Она нахмурилась и, повернув лошадь, немного отъехала.
– Что ты так смотришь?.. Я не статуя!
– Нет, не статуя, конечно! – улыбнулся он. – Как тебя звать?
– Кассия.
– А меня Акила. Ты оттуда? – он махнул головой в сторону Марфиного имения. – Из дома на холме?
– Да. Откуда ты знаешь?
– Мне отец говорил, что там живет вдова с дочерьми, что одну из дочерей зовут Кассия и…
– И что?
– И что она очень красивая, – улыбнулся Акила.
Кассия чуть наморщила нос.
– А я, – продолжал Акила, – только недавно приехал.
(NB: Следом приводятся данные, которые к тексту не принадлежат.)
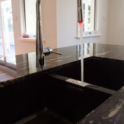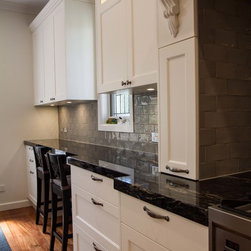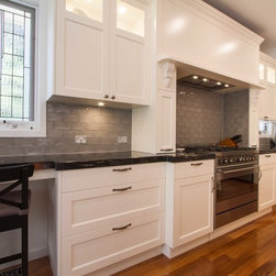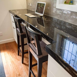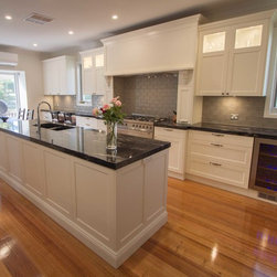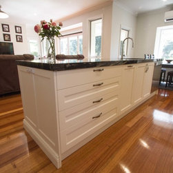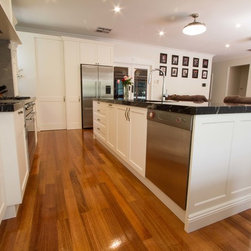 Our clients in Eaglemont purchased this house from a family that ran a business from home. They had build an office next to the kitchen to suit their needs however, when David and Adele moved in with their family, this home office was not needed. What was needed was a large kitchen to suit their growing family and a new heart for this home. Our very clever designer, Corey Johnson, designed a new kitchen that completely opened the space up, gave them more storage and turned the old home office into a meals area and computer nook. Very innovative!
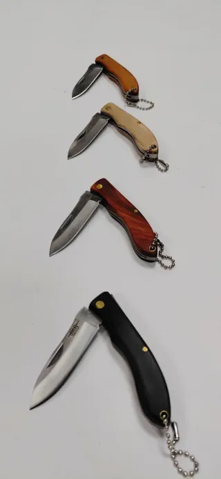 Conjunto de cuatro navajas pequeñas, cada una con cadena para llavero Precio por el lote También se venden sueltas unidad a 6 euros - Variedad de colores y acabados en los mangos. - Diseño compacto y portátil. - Hoja acero inoxidable - Cachas madera - seguro pistón - Largo hoja 6 cm - Largo cachas 8 cm - TODO NUEVO A ESTRENAR - Precio fijo no negociable - Hago envíos - Navajas bolsillo uso diario - Navaja totalmente legal Cudeman, Magnum jkr Boker Alcé

Пять лет прожил в Афинах, а теперь вот буду в столице изучать философию.
– Мою лошадь зовут Афина.
– О! А моего – Геракл!
– Да, – сказала Кассия, с восхищением рассматривая коня, – он и правда такой красавец-герой!
– Твоя Афина тоже хороша! Ты давно ездишь верхом?
Они болтали довольно долго; наконец, Кассия спохватилась, что ей пора домой, а то ее потеряют, будут беспокоиться.
– Я буду здесь недели две, – сказал Акила. – Мы еще встретимся?
– Может быть.
На другой день она поехала туда же ближе к вечеру и заметила, что там кто-то уже был до нее: свежие следы копыт виднелись по обеим сторонам канавы. Акила! – догадалась она и нахмурилась. Наверное, он приезжал сюда утром, надеясь встретить ее опять. Кассия отъехала к подножию холма и задумалась. Хотелось ли ей самой встречаться с этим юношей? С ним, в общем, было о чем поговорить, и не скучно… Но если б он мог общаться с ней просто как с другом, а не как с красивой девушкой! Но он, кажется, так не мог… «Нет, лучше мне больше не видеться с ним! – подумала она. – Подожду недели три, тогда он уедет, и можно будет опять приезжать сюда… Вот несносная красота! Везде мешает… Хотя, конечно, приятно, когда тобой восхищаются, но… Нет, не буду с ним больше встречаться! Вдруг я ему слишком понравлюсь…» – и, развернув лошадь, она поехала в сторону дома.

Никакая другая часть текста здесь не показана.